Australian Motor Industries assembled the first Toyota car built outside Japan in April 1963, the Toyota Tiara. Assembly of Toyotas by AMI expanded in the 1960s to include the Crown, Corona, and Corolla at the Port Melbourne facility. Toyota Motor Corporation of Japan purchased shares to control 10% of the Australian company. As a fast-growing company, Toyota took a controlling interest in AMI in 1968, just as a contract with British Leyland was signed. Toyota also purchased a 40% share in Thiess Toyota, the importer of Toyota light commercial vehicles from Thiess. In 1971, British Leyland absorbed the British Motor Corporation, thereby acquiring Standard Triumph. Toyota purchased more shares to increase their AMI holdings to 50%.

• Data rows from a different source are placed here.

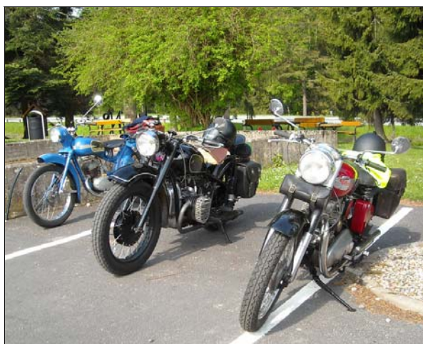
Tre av ekipagen från Råbelöfsturen, Husqvarna, Ural och Royal Enfield, summa fem cylindrar!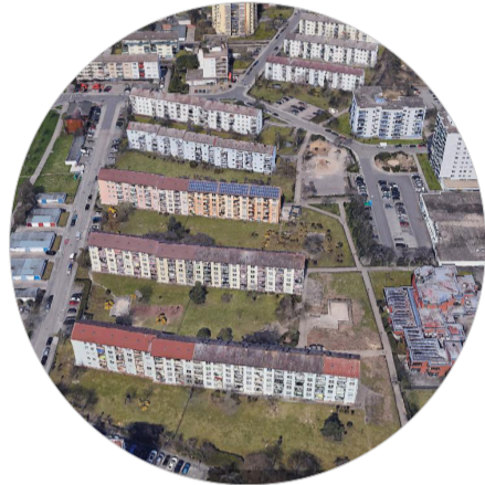
Zeilenbauten aus der Vogelperspektive

Die Kreisfreie Stadt Frankenthal ist über ihre Anschlüsse an die A6 und B9 sehr gut mit den umliegenden größeren Städten wie Ludwigshafen und Mannheim im Süden sowie Worms und Mainz im Norden verbunden.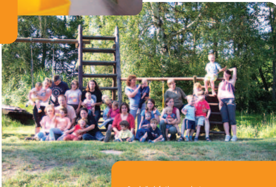
Společná fotka z pobytu

To, co člověka zachrání, je udělat krok... A pak další krok.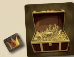
ЖЕТОН ВОЖАКА ЖЕТОН СУНДУКА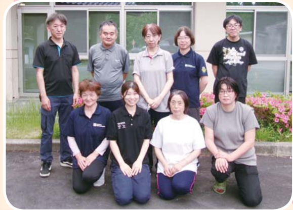
〈テイサービス職員〉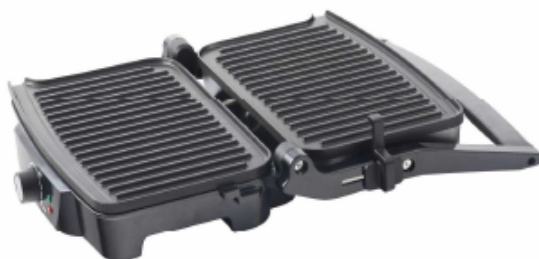
Открытие панелей на 180°

Recognizing the company's controlling owner and the products it manufactured and marketed, AMI renamed itself AMI Toyota Ltd in 1985. The company continued to be listed on the Australian Securities Exchange with a minority Australian shareholding until 1987, when Toyota acquired all shares held by remaining shareholders.

The Japanese company then amalgamated it with its other Australian operations in 1989 to form two organizations. Toyota Motor Corporation Australia, which was responsible for passenger vehicles, and Toyota Motor Sales Australia, which became accountable for Toyota commercial vehicles and Hino trucks.

Toyota vehicle production was transferred from the historic Port Melbourne factory in 1994 to the company's new $420 million facility at Altona, Victoria. Production was focused on vehicles based on the Toyota Camry. The Australian facility also exported CKD kits to assembly plants in Thailand, Malaysia, Indonesia, Vietnam, and the Philippines until 2017 when Toyota ceased all car production in Australia.